The findings of this study will inform the development of a clinical support system for lymphoedema. This platform will be presented for a systematic evaluation of technology acceptance and usability with clinicians using a ‘Think Aloud’ protocol as a next step in this body of work.
Conclusion
A core dataset for the assessment of upper body lymphoedema has been agreed through consensus from clinicians and research experts. This dataset includes both objective clinician-reported outcome measures and descriptors for observed and palpated changes. The dataset extends beyond lymphoedema-specific outcomes to include domains that impact the condition (e.g. joint ROM, BMI) or inform data analysis (e.g. dominance). To reduce clinical variance and enhance communication, this dataset provides a recommended language for reporting change in lymphoedema and provides the foundation for developing a clinical support system for lymphoedema and a learning health environment for the future.
Footnotes
Acknowledgements
Thank you to all respondents who shared their expertise in establishing this dataset and to Sydney Research for funding this research through their Health Informatics Scholarship.
Declaration of conflicting interests
The author(s) declared the following potential conflicts of interest with respect to the research, authorship, and/or publication of this article: Dr Robyn Sierla declares she was employed by Sydney Local Health District while writing this paper.

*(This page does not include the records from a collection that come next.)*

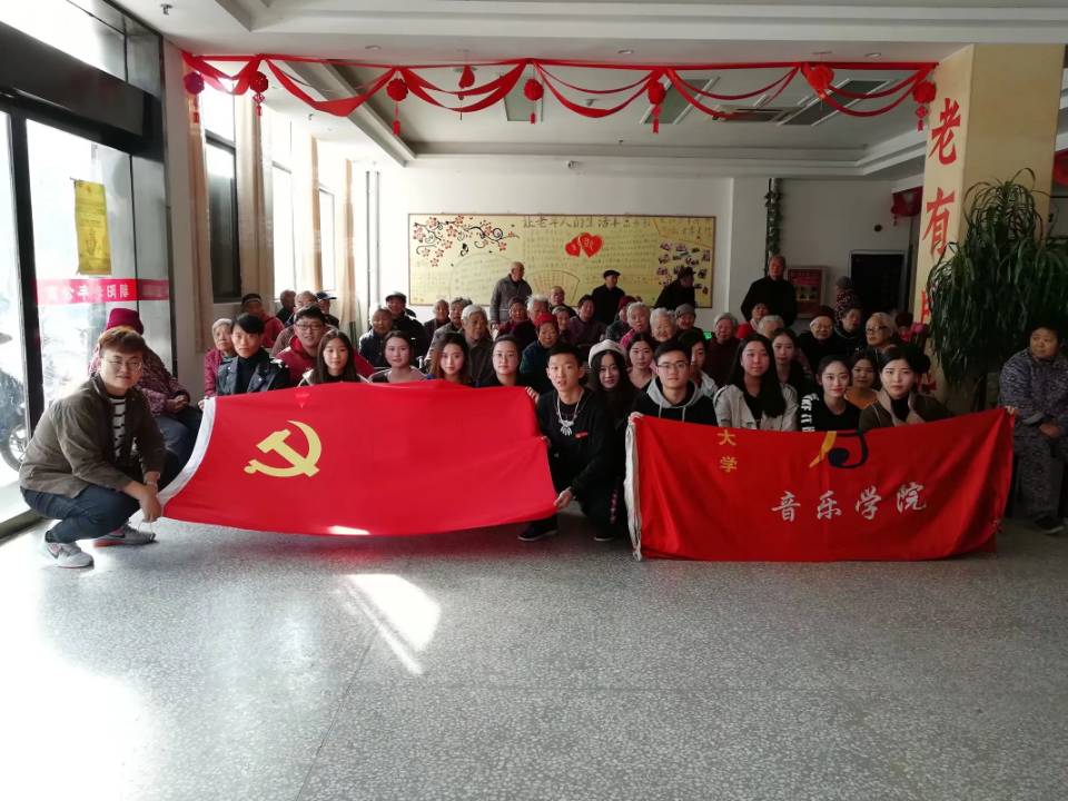 为关注老人晚年生活,给他们带去关心与问候,2018年11月10日星期六,淮北师范大学音乐学院音乐学学生党支部第六十三期学生入党积极分子三班音乐一组在相山区朝阳敬老院进行了一场以“歌舞红色旋律,递爱暖秋社区”为主题的社会实践。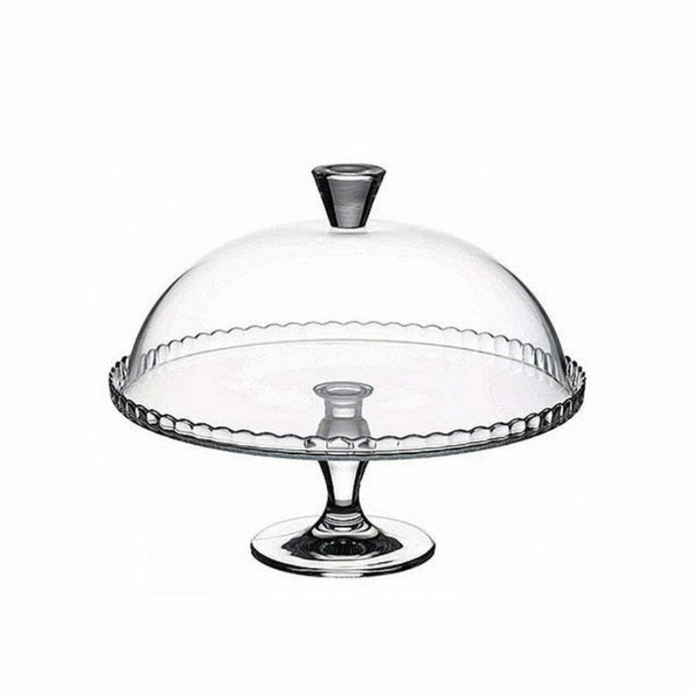 This banquet plateau with glass dome is the ideal way to display, protect and preserve your cakes or treats. Made from durable glass material and domed glass lid with a knob for easy removal. Perfect centerpiece for your table. Made from durable glass material, ideal way to display, protect and preserve your cakes or treats, domed glass lid with a knob for easy removal, perfect centre piece for your table. Approx product dimensions: 32,5cm x 32,5cm x 26,3cm.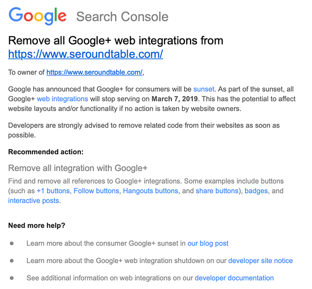 Last night, Google sent out notifications via Google Search Console reminding sites that have added Google+ buttons and other integrations to remove them by March 7th. As you know, Google is killing off Google+, the consumer version, in the next couple of months and Google wants all those Google+ buttons off the web beforehand.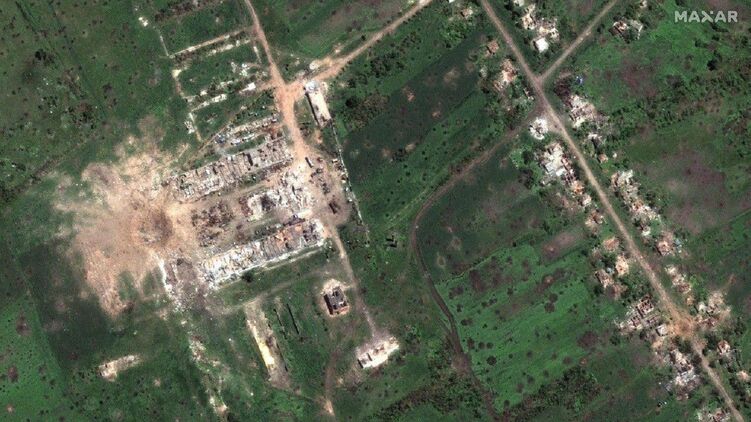 Maxar Technologies публикует фото поля в районе села Долгенькое, изрешеченного снарядами, а также огромную воронку от взрыва в самом селе.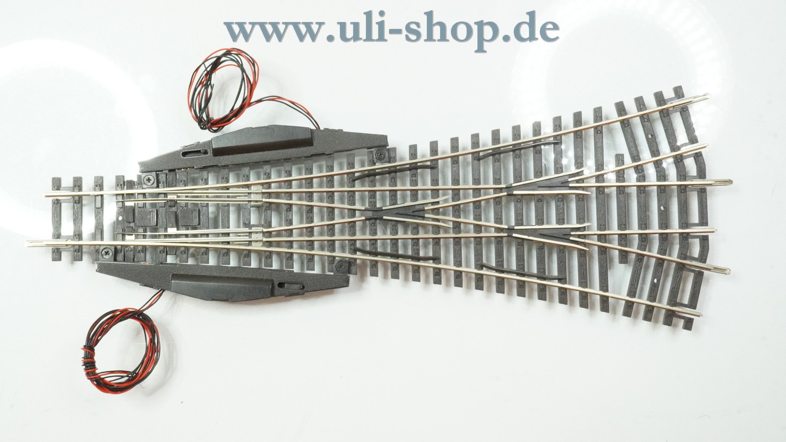 PIKO H0 Gleismaterial mit der Artikelnummer 55225 Piko A-Gleis Weiche Dreiweg mit Antrieb. Die Originalverpackung ist leider nicht mehr vorhanden.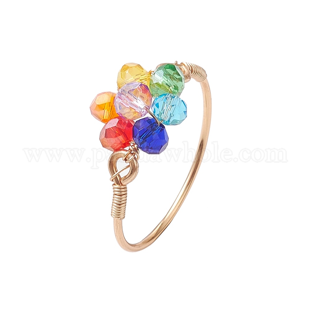 Стеклянные кольца на палец с цветком, женское кольцо из медной проволоки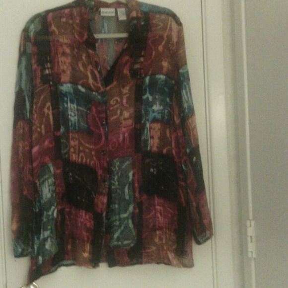 Sheer button down collared blouse with belled long sleeves. Slits on each side. A few buttons missing but easy to replace and make it your own. Very colorful and versatile.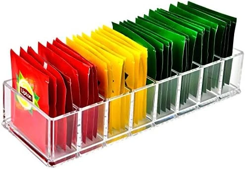 - STURDY AND DURABLE MATERIAL FOR SUGAR PACKET HOLDER: Tea bags storage is made of very strong acrylic, which is collision resistance, shockproof. Tea holder for tea bags organizer can ensure its durability and safety from injury and breakage. Black tea holder organizer size: 10 x 3.5 x 1.85 inches, each internal cube size is 1.5 x 1.18 inches.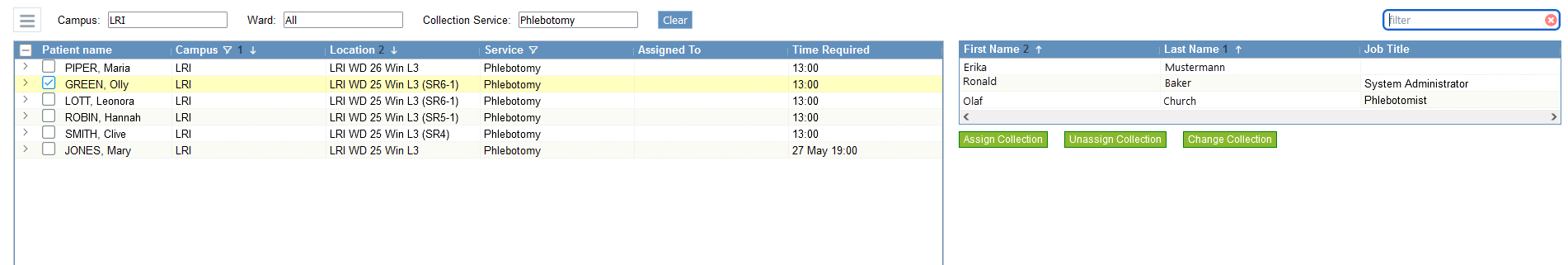 Users with permissions to assign collections, for example Phlebotomy managers, can assign sample collection tasks to their team.

All research for this paper was undertaken independently from her employer as part of her doctoral degree at Ther University of Sydney. All other authors declare no conflicts of interest.
Funding
The author(s) disclosed receipt of the following financial support for the research, authorship, and/or publication of this article: apart from Dr Robyn Sierla. Sydney Research provided funding support to Dr Sierla, quarantining time to lead this investigation.
Data availability statement
The datasets used and/or analysed during the current study are available from the corresponding author on reasonable request.